- _Work item_: Please repeat only the lines below starting at the line that holds "证券之星消息,截至2026年" and ending at the line that holds "DOLALIKE Microwave Oven", exactly, with both of those lines included and every picture omitted.

- _Dataset records_:
◆ ◆ ◆ ◆ ◆ ◆ ◆

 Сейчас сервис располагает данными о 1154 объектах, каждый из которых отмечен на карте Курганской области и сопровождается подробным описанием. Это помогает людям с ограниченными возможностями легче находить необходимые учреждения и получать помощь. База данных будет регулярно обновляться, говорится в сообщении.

◆ ◆ ◆ ◆ ◆ ◆ ◆

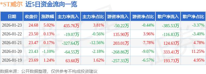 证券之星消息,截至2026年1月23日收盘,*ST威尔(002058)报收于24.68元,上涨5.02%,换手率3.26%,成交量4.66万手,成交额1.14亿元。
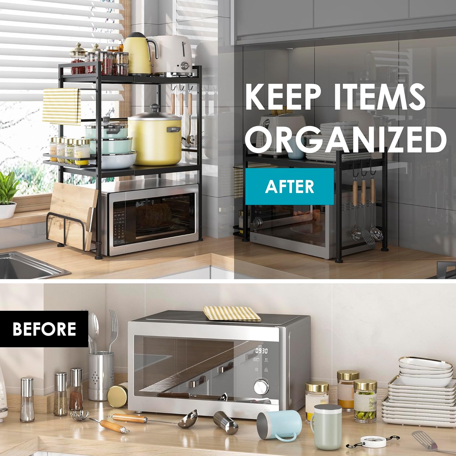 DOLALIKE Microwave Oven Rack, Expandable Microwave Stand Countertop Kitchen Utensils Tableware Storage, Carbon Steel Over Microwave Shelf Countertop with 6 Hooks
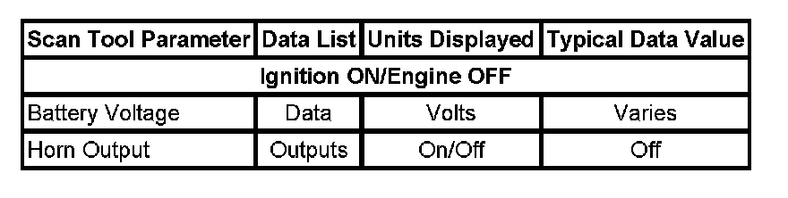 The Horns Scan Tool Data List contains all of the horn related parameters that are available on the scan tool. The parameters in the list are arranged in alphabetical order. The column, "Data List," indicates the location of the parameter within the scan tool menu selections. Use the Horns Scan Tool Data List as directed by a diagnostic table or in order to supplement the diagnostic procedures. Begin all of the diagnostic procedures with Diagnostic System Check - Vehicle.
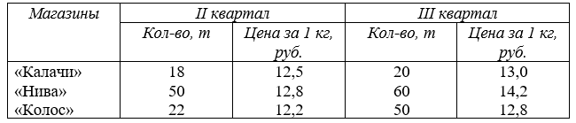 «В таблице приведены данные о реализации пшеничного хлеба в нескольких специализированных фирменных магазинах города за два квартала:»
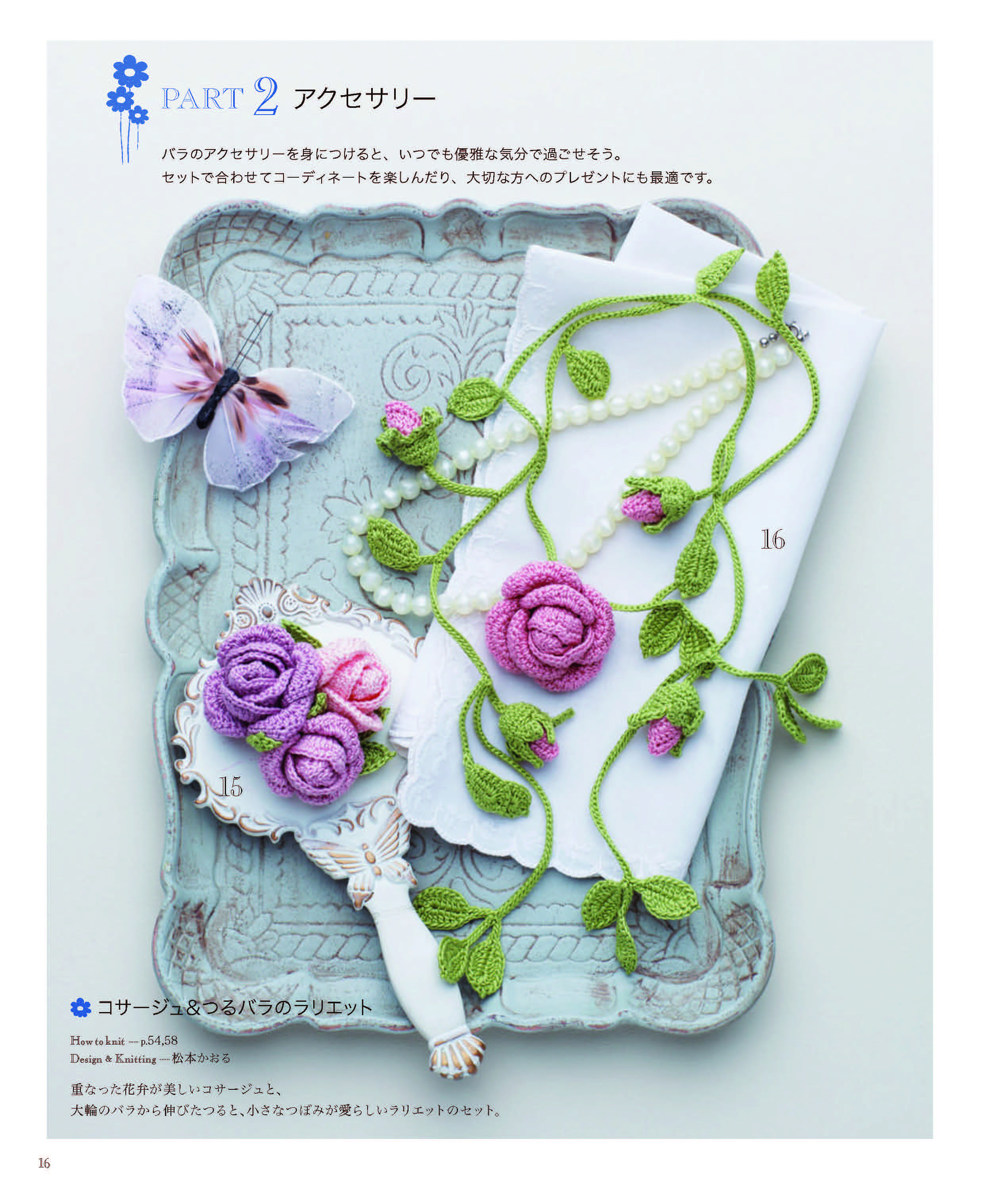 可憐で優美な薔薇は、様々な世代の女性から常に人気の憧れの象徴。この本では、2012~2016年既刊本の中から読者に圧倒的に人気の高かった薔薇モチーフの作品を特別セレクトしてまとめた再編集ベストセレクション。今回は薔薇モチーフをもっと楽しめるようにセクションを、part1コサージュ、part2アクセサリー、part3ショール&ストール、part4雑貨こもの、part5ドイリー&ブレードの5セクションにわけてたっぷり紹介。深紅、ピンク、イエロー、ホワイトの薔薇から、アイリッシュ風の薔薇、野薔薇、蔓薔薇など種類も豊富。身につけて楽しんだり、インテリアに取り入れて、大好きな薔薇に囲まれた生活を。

◆ ◆ ◆ ◆ ◆ ◆ ◆

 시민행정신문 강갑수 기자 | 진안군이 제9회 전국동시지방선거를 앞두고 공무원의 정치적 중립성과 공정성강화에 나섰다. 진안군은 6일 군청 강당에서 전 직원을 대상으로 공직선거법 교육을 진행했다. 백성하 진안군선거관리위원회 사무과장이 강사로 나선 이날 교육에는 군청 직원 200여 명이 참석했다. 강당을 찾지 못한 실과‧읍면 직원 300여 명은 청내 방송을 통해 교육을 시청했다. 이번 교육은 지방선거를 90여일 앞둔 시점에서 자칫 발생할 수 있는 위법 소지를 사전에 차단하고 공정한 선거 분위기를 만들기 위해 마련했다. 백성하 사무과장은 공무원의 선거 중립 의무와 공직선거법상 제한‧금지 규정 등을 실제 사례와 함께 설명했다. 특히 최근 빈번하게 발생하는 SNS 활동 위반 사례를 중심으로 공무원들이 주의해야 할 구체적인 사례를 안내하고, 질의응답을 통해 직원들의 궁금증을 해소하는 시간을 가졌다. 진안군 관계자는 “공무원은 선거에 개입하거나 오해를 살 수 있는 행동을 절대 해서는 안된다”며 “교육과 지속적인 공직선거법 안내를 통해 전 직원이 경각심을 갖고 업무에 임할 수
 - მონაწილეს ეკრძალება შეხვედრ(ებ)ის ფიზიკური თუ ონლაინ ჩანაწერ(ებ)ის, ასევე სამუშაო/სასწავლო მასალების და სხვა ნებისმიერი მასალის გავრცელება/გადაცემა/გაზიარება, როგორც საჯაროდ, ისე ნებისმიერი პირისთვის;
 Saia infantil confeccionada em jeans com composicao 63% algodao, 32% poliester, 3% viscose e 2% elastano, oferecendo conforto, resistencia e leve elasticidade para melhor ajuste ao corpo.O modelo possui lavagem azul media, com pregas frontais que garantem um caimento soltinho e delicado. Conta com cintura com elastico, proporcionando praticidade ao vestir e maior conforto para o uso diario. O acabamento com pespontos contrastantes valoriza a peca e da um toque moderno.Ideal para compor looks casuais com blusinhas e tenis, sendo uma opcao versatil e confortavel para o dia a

◆ ◆ ◆ ◆ ◆ ◆ ◆

- _Reply to the task_:
 证券之星消息,截至2026年1月23日收盘,*ST威尔(002058)报收于24.68元,上涨5.02%,换手率3.26%,成交量4.66万手,成交额1.14亿元。
 DOLALIKE Microwave Oven Rack, Expandable Microwave Stand Countertop Kitchen Utensils Tableware Storage, Carbon Steel Over Microwave Shelf Countertop with 6 Hooks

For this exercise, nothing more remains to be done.